Layers of classic red velvet cake and coconut mousse create these individual delights.
Red Velvet Parfaits
MAKES 12 SERVINGS
- ½ cup butter, softened
- 1½ cups sugar
- 2 large eggs
- 2¼ cups all-purpose flour
- 3 tablespoons unsweetened cocoa powder
- 1 teaspoon baking soda
- ½ teaspoon salt
- 1 cup whole buttermilk
- 2 teaspoons distilled white vinegar
- 1 teaspoon vanilla extract
- 1 (1-ounce) bottle liquid red food coloring
- Coconut Mousse (recipe follows)
- Garnish: toasted flaked coconut
- Preheat oven to 350°. Spray a 13x9-inch baking pan with nonstick baking spray with flour.
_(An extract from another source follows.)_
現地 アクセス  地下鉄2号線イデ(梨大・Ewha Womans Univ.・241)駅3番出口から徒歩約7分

- In a large bowl, combine butter and sugar. Beat at medium speed with an electric mixer until fluffy. Add eggs, one at a time, beating well after each addition.
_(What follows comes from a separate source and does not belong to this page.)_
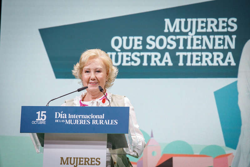 Al escenario también han subido la consejera de Igualdad, Sara Simón que ha hablado del papel de la mujer en la sociedad, en los cambios que se han ido produciendo en las últimas décadas y lo que queda por hacer. En este contexto, ha explicado que el número de mujeres que solicitan las ayudas de la PAC en agricultura y ganadería ha crecido hasta las 31.000, lo que representa un 34,05 por ciento del total. La consejera ha enumerado otra serie de datos, que “plasman una tendencia realmente positiva” sobre las mujeres en el mundo rural, fruto del “esfuerzo” de miles de ellas y de las políticas regionales, aludiendo a instrumentos como la Ley contra la Despoblación, el Estatuto de las Mujeres Rurales, planes de formación y capacitación digital o “poderosos” incentivos económicos.
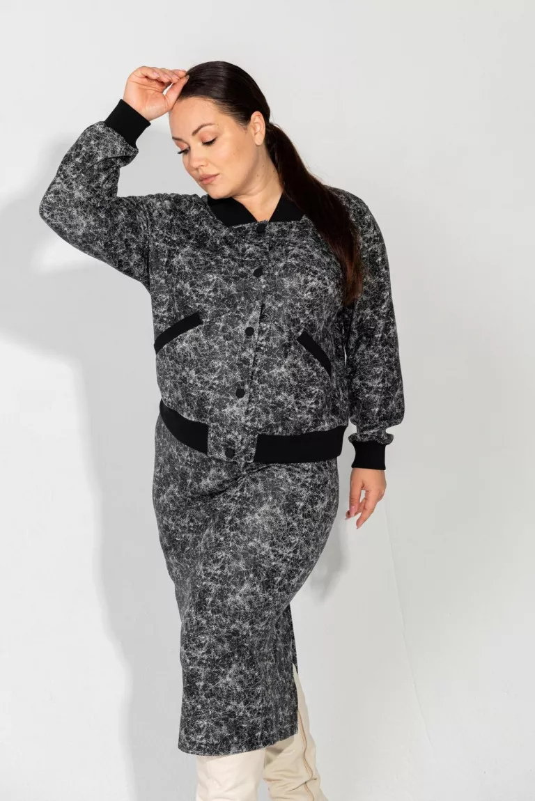 Костюм бомбер и юбка трикотаж серого цвета c эффектом stone wash

- In a medium bowl, combine flour, cocoa, baking soda, and salt.
- In a separate bowl, combine buttermilk, vinegar, and vanilla. Add flour mixture to butter mixture, alternately with buttermilk mixture, beginning and ending with flour mixture. Add red food coloring, beating until well combined.
- Spoon batter into prepared pan. Bake for 25 to 30 minutes or until a wooden pick inserted in center comes out clean. Let cool in pan on a wire rack for 10 minutes. Remove from pan, and let cool completely on wire rack.
- Crumble cake, and layer with Coconut Mousse in parfait glasses. Garnish with toasted coconut, if desired.
- 1 (3.4-ounce) box coconut-cream-flavored instant pudding mix
- 1 (8-ounce) package cream cheese, softened
- 1 cup sour cream
- ½ cup confectioners’ sugar
- 2½ cups heavy whipping cream
- 2 teaspoons coconut extract
- In a medium bowl, combine pudding mix and cream cheese. Beat at medium speed with a mixer until creamy. Add sour cream and confectioners’ sugar, beating until combined. Add cream and coconut extract; beat at medium speed until stiff peaks form.